Public transportation is used by people from all walks of life. Not just office workers - cooks, nurses, artists, school teachers, police officers, even employees of trade companies... and every citizen benefits from reduced traffic, lower infrastructure costs, and better health.

Using car taxes to fund public transportation would not materially impact the carpenter. They'd just charge a little more. An absurdly high $1000/year tax spread across 50 clients is merely $20 per job - a more realistic $200/y tax would add $4 per job. Considering that public transportation increase average disposable income, the market can easily absorb that cost.


>> They'd just charge a little more.

And so too can the office workers. To charge one group for the benefit of another, based solely on the manner of their employ, is the definition of unfair. This is what progressive taxation is for, not use taxes.
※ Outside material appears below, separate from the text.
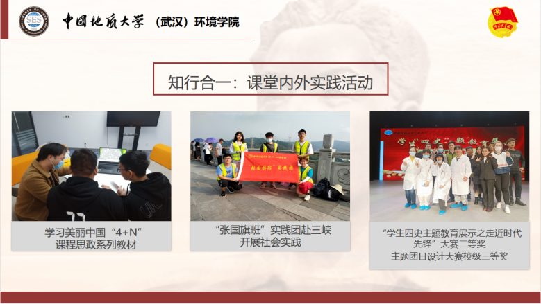 “张国旗班”团支部将以环境文化论坛、专业资源平台和支部第二课堂为载体,引领青年专业精湛,加强新技能培训学习。支部成员积极参与科技论文报告会以及“科研助成长”系列活动,获科报会院级三等奖,第六届“互联网+”大学生创新创业大赛三等奖,“兖州中材杯”武汉理工大学第十三届环保创意作品大赛二等奖、三等奖等。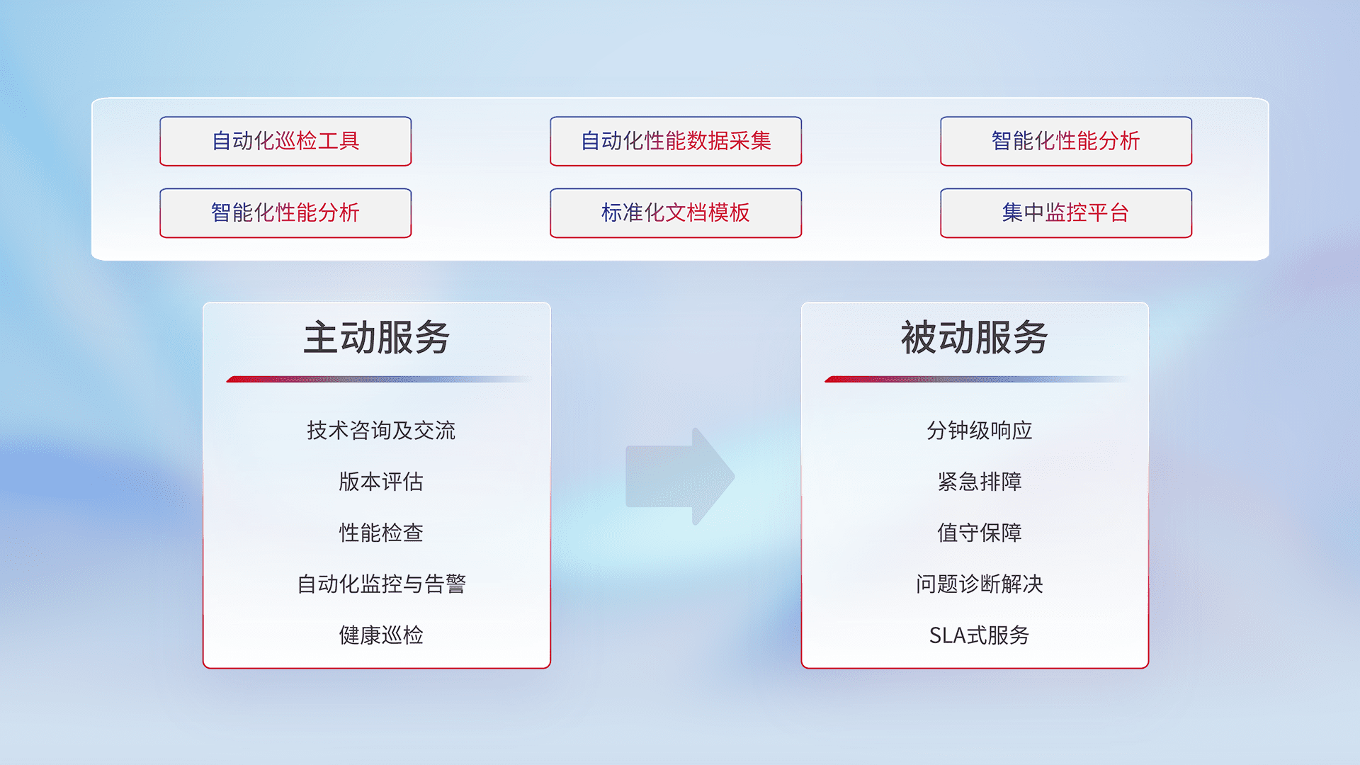 智能化工具和标准化文档,,保障服务质量,,提供主动服务(包含技术咨询、、、、版本评估、、、性能检查、、自动化监控与告警、、、、健康巡检)和被动服务包含(分钟级响应、、、紧急排障、、、值守保障、、、、问题诊断解决、、、、SLA服务)。。。。

What? You either selectively read my response, or you're being deliberately obtuse with your focus on office workers. Car taxes ensure the market accurately captures negative externalities. There is no discrimination - if a doctor, CEO, and a plumber use cars equally, they are taxed equally. In contrast, low/absent car taxes are discriminatory subsidies.

For businesses that require car usage, the tax is merely an operating cost. There is no impact on profit as operating costs are passed on to the consumer.

Of course, allocating that revenue is still subject to local voters' wishes.